TO DO
Every line from the start of the data through the line containing "Attach the fan" should be retyped exactly; the pictures should not.

Excerpts from a dataset
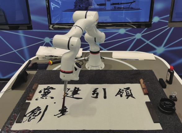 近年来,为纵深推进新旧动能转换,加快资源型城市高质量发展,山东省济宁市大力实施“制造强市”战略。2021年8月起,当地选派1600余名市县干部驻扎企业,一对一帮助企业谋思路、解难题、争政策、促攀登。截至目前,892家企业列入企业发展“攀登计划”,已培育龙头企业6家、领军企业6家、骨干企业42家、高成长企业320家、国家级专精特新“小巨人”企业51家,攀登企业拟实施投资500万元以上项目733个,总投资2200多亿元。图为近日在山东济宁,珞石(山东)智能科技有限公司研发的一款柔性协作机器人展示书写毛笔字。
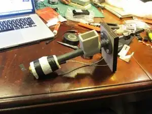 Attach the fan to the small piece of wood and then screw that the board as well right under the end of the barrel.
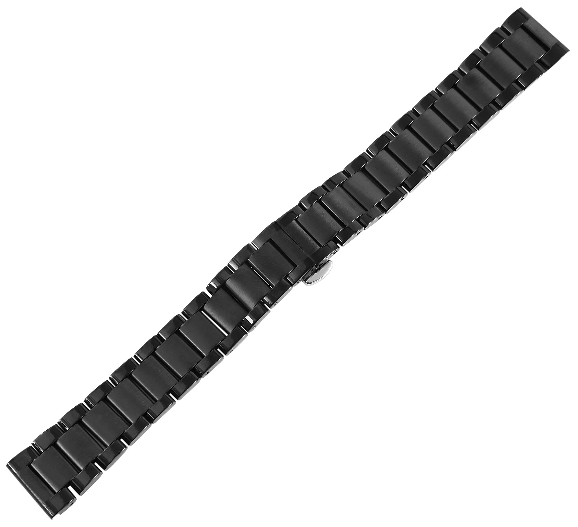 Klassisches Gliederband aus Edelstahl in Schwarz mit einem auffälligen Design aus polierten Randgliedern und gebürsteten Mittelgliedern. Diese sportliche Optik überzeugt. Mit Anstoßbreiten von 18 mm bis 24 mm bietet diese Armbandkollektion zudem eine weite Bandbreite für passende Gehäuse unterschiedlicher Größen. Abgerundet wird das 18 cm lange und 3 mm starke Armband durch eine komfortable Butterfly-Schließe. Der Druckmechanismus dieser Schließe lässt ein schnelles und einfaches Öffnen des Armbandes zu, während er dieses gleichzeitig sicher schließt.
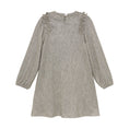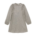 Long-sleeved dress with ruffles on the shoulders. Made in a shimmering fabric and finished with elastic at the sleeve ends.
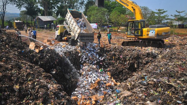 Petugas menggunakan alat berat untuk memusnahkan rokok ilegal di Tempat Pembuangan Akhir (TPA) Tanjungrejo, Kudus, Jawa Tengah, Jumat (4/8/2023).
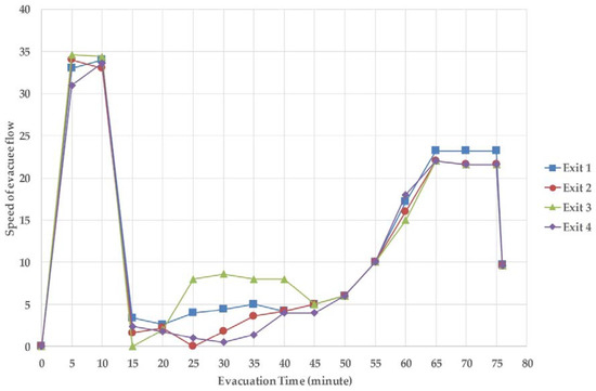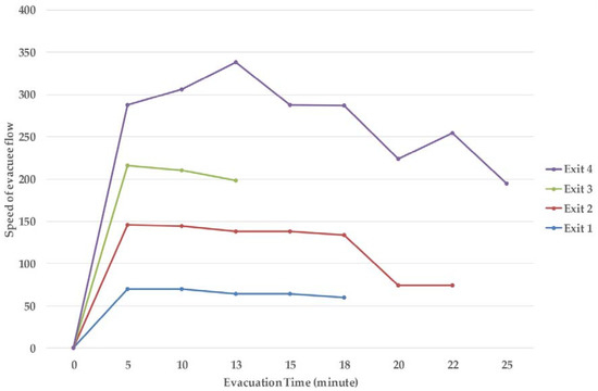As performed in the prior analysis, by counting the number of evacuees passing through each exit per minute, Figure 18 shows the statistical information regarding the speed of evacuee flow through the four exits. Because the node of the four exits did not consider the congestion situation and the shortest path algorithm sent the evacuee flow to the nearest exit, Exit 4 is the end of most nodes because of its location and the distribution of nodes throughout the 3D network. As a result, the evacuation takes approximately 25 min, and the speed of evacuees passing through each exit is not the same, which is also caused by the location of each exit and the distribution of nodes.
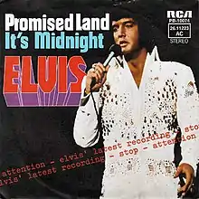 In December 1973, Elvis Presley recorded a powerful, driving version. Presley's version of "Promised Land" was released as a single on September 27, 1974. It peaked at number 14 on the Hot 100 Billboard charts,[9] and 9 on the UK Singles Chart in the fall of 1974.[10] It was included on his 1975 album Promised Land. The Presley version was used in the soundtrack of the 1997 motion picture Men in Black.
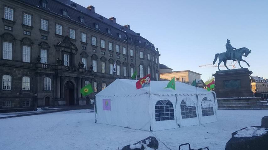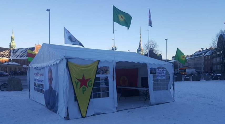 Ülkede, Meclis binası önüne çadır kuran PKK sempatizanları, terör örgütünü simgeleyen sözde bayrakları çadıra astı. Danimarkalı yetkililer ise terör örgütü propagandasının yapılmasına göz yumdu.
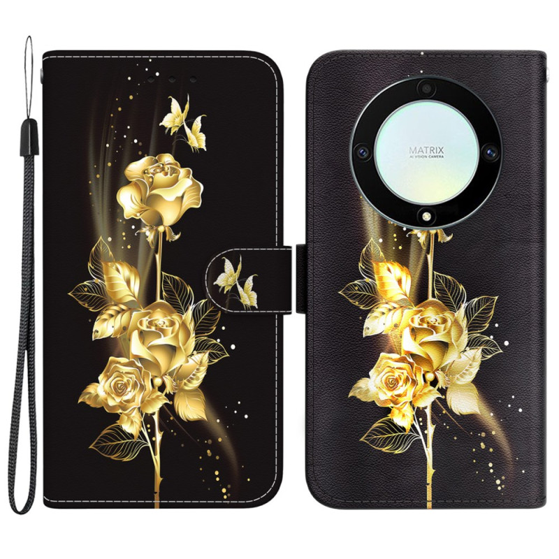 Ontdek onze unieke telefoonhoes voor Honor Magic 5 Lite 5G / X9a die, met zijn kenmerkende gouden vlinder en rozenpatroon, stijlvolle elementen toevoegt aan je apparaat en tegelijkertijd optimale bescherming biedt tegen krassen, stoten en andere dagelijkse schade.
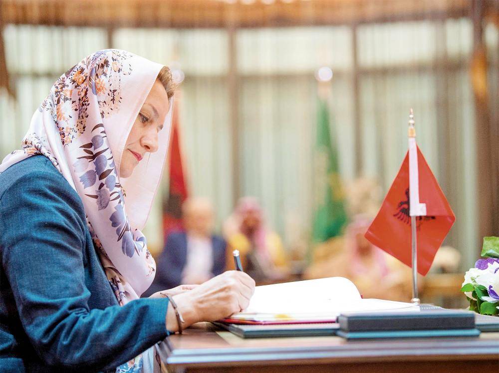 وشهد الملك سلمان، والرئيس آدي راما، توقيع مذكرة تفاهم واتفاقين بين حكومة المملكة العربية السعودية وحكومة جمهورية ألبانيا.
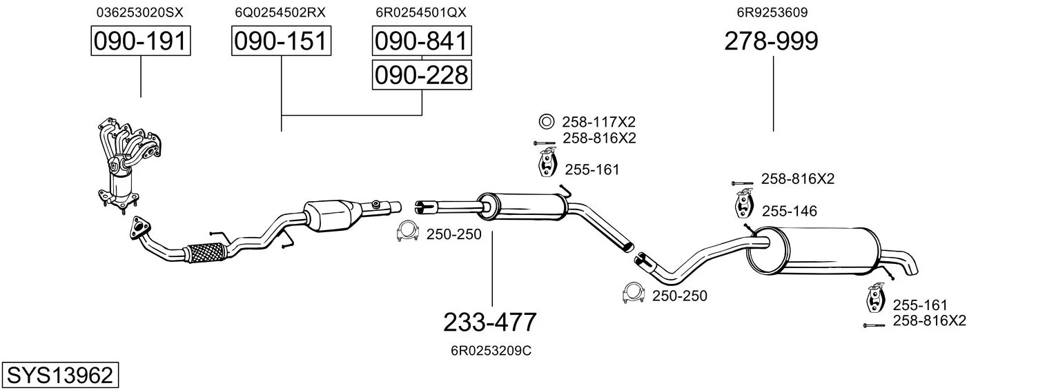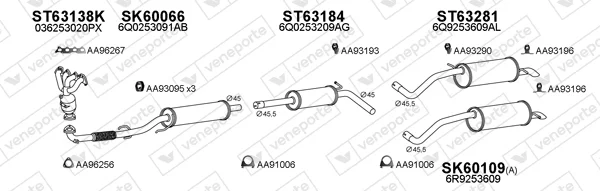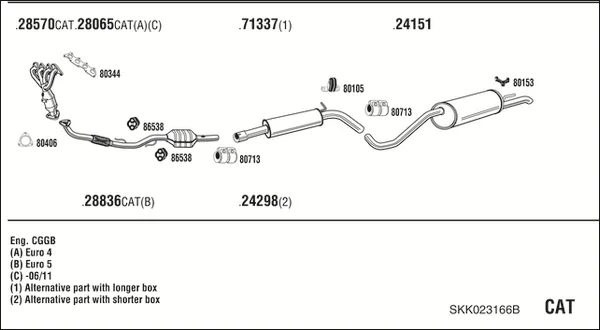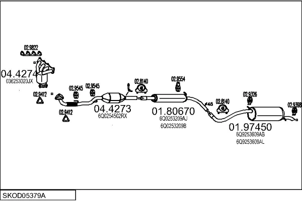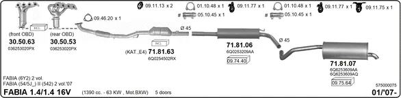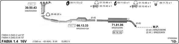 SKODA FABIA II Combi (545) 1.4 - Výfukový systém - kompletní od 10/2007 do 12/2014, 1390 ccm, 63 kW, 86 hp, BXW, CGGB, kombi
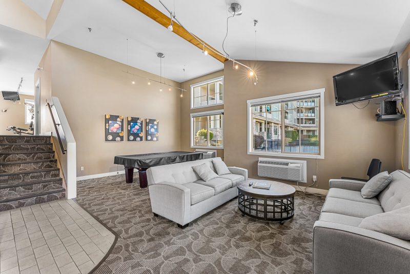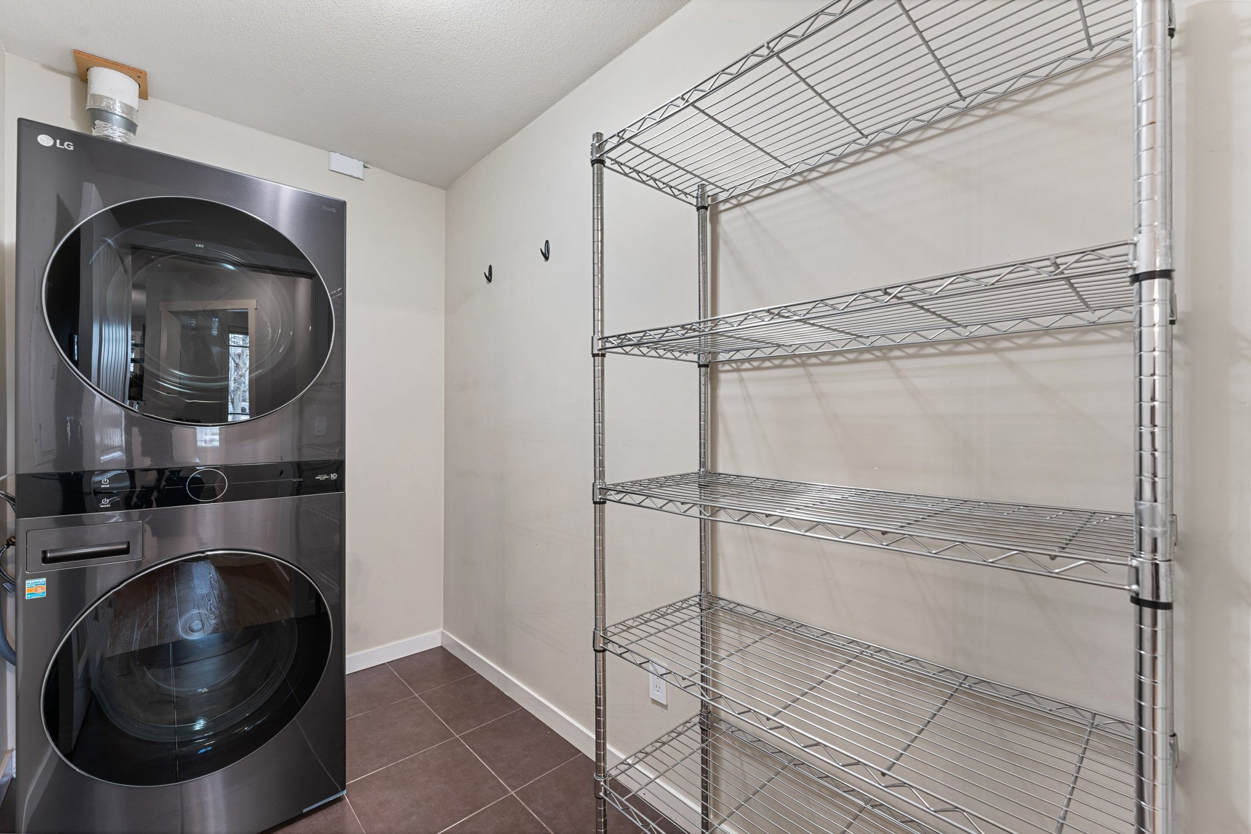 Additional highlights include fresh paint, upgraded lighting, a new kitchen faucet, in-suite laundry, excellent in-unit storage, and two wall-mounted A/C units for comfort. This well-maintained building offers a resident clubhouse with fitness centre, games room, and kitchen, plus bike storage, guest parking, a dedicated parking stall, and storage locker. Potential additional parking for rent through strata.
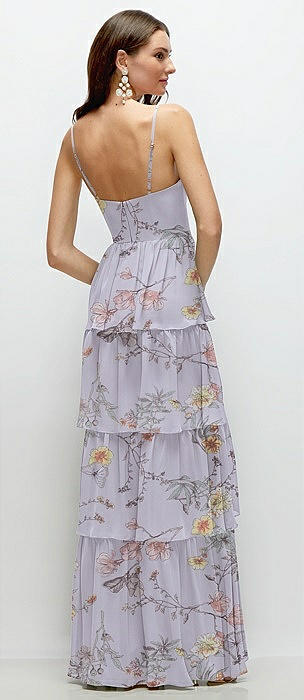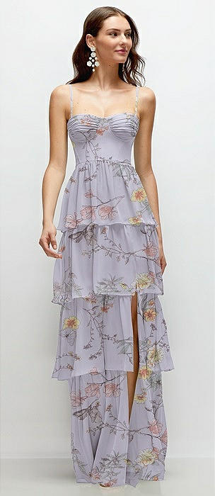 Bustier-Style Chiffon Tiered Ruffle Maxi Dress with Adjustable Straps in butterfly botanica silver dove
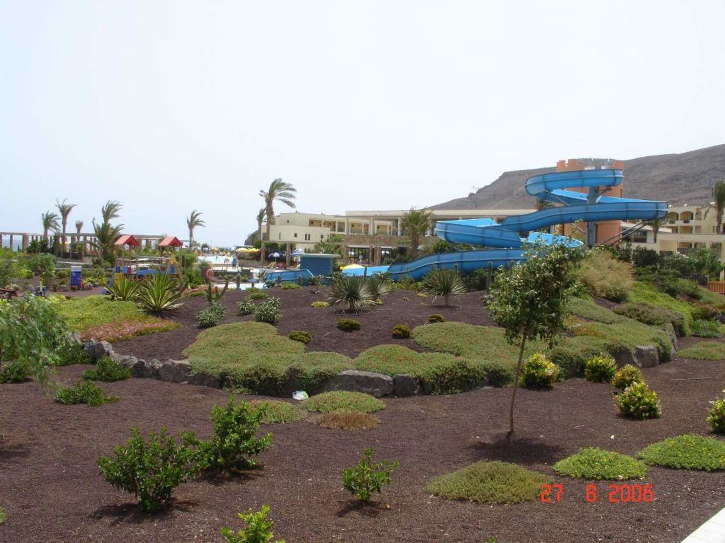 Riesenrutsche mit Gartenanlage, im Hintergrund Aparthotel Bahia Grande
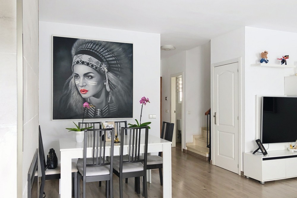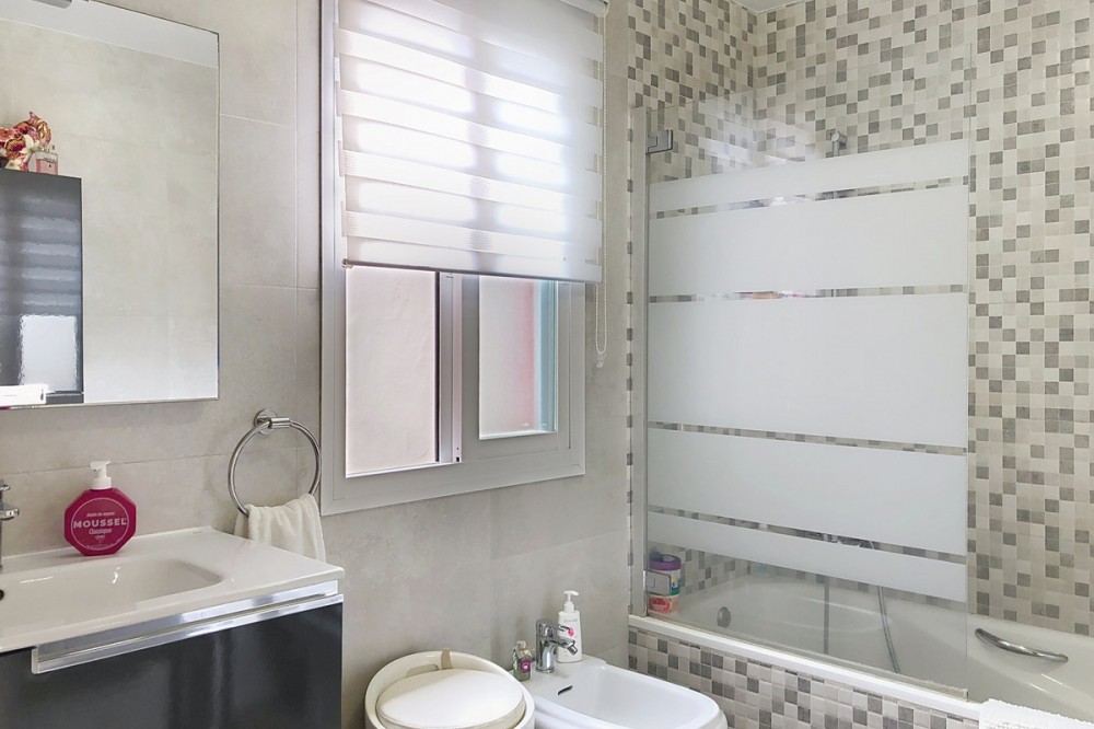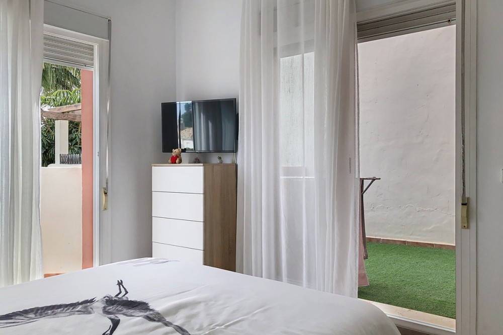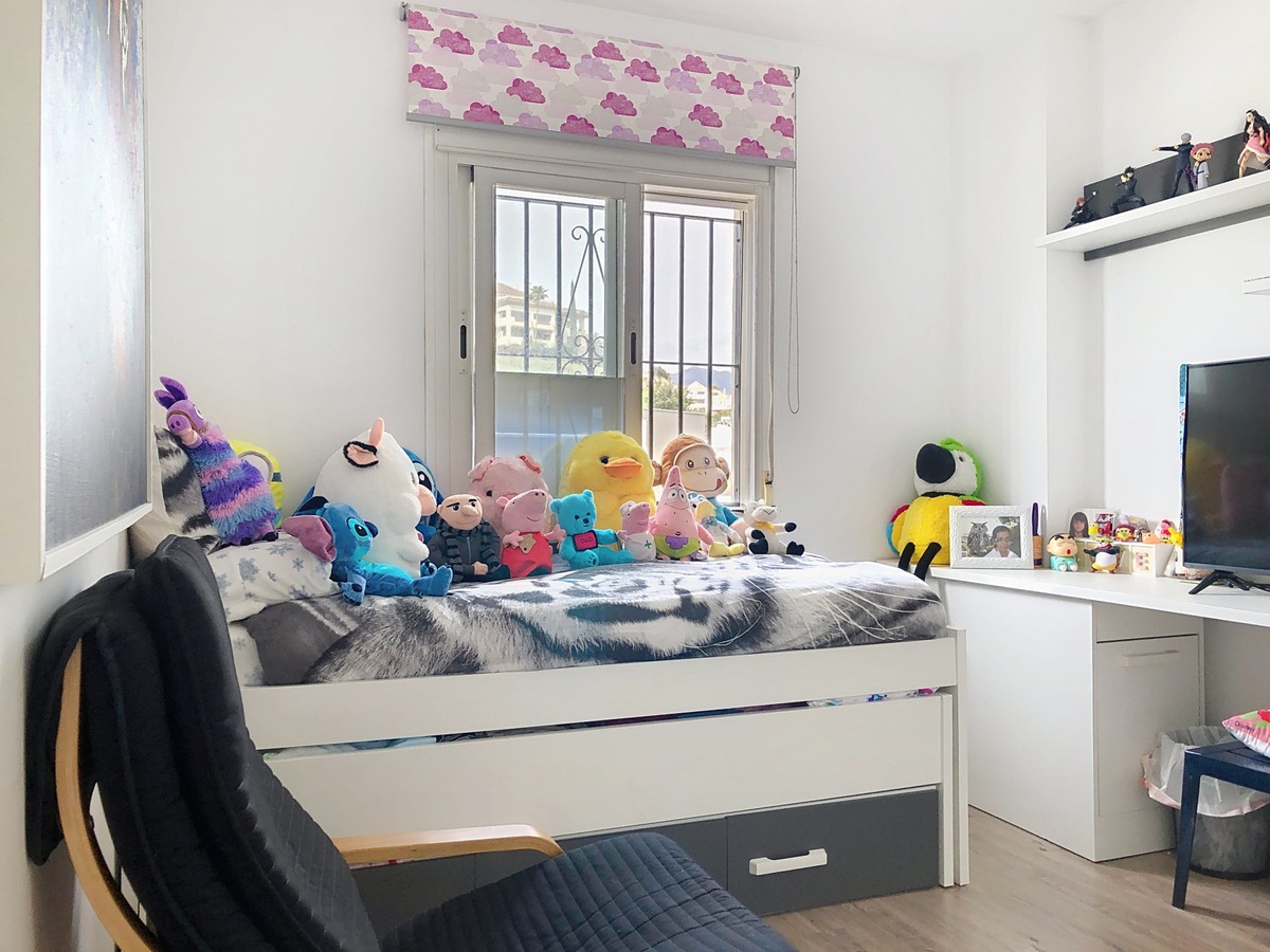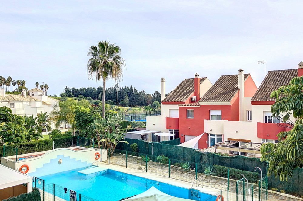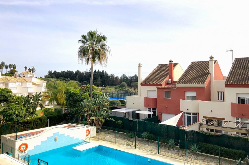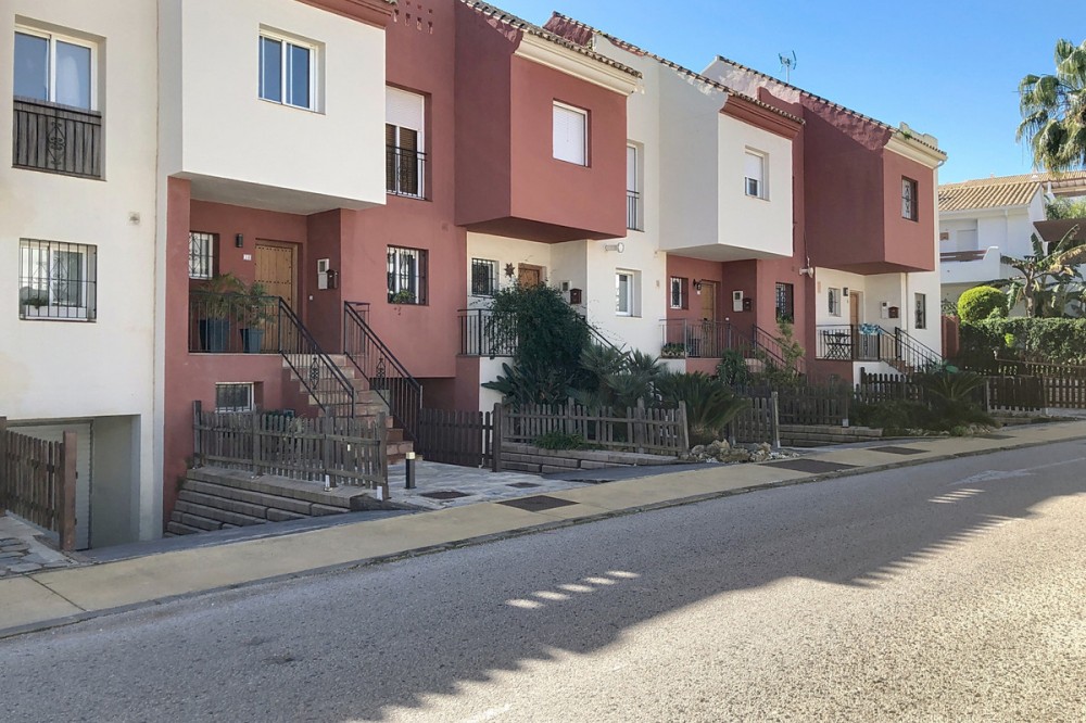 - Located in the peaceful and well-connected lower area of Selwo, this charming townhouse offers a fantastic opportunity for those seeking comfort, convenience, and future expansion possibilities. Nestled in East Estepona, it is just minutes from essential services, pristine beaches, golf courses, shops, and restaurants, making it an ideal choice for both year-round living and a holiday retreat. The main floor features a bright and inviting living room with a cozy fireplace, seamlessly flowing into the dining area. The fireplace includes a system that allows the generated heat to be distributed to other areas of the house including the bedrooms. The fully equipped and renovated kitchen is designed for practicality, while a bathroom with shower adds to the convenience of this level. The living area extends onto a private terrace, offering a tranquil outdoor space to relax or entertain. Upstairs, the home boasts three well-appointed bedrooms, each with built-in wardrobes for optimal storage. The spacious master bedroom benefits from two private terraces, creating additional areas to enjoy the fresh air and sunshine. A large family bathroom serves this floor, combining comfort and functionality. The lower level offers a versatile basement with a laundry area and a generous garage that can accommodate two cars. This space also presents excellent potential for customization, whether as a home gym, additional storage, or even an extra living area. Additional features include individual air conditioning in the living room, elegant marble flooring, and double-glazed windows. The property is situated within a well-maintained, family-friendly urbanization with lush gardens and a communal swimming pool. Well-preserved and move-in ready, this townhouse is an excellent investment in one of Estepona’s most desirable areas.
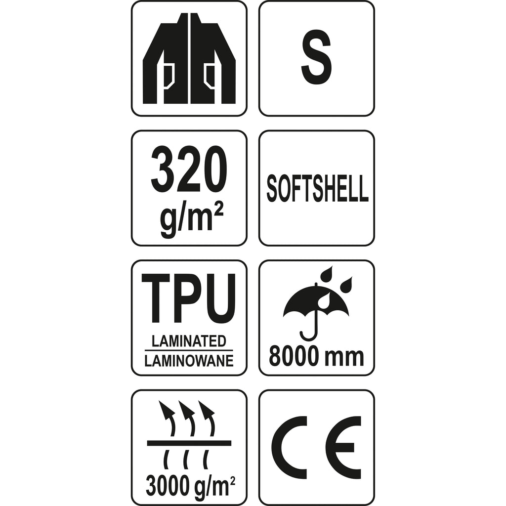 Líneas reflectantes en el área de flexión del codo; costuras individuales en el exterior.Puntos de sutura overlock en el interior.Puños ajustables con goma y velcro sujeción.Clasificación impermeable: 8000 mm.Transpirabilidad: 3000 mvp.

EXERCISE SOLUTION
 近年来,为纵深推进新旧动能转换,加快资源型城市高质量发展,山东省济宁市大力实施“制造强市”战略。2021年8月起,当地选派1600余名市县干部驻扎企业,一对一帮助企业谋思路、解难题、争政策、促攀登。截至目前,892家企业列入企业发展“攀登计划”,已培育龙头企业6家、领军企业6家、骨干企业42家、高成长企业320家、国家级专精特新“小巨人”企业51家,攀登企业拟实施投资500万元以上项目733个,总投资2200多亿元。图为近日在山东济宁,珞石(山东)智能科技有限公司研发的一款柔性协作机器人展示书写毛笔字。
 Attach the fan to the small piece of wood and then screw that the board as well right under the end of the barrel.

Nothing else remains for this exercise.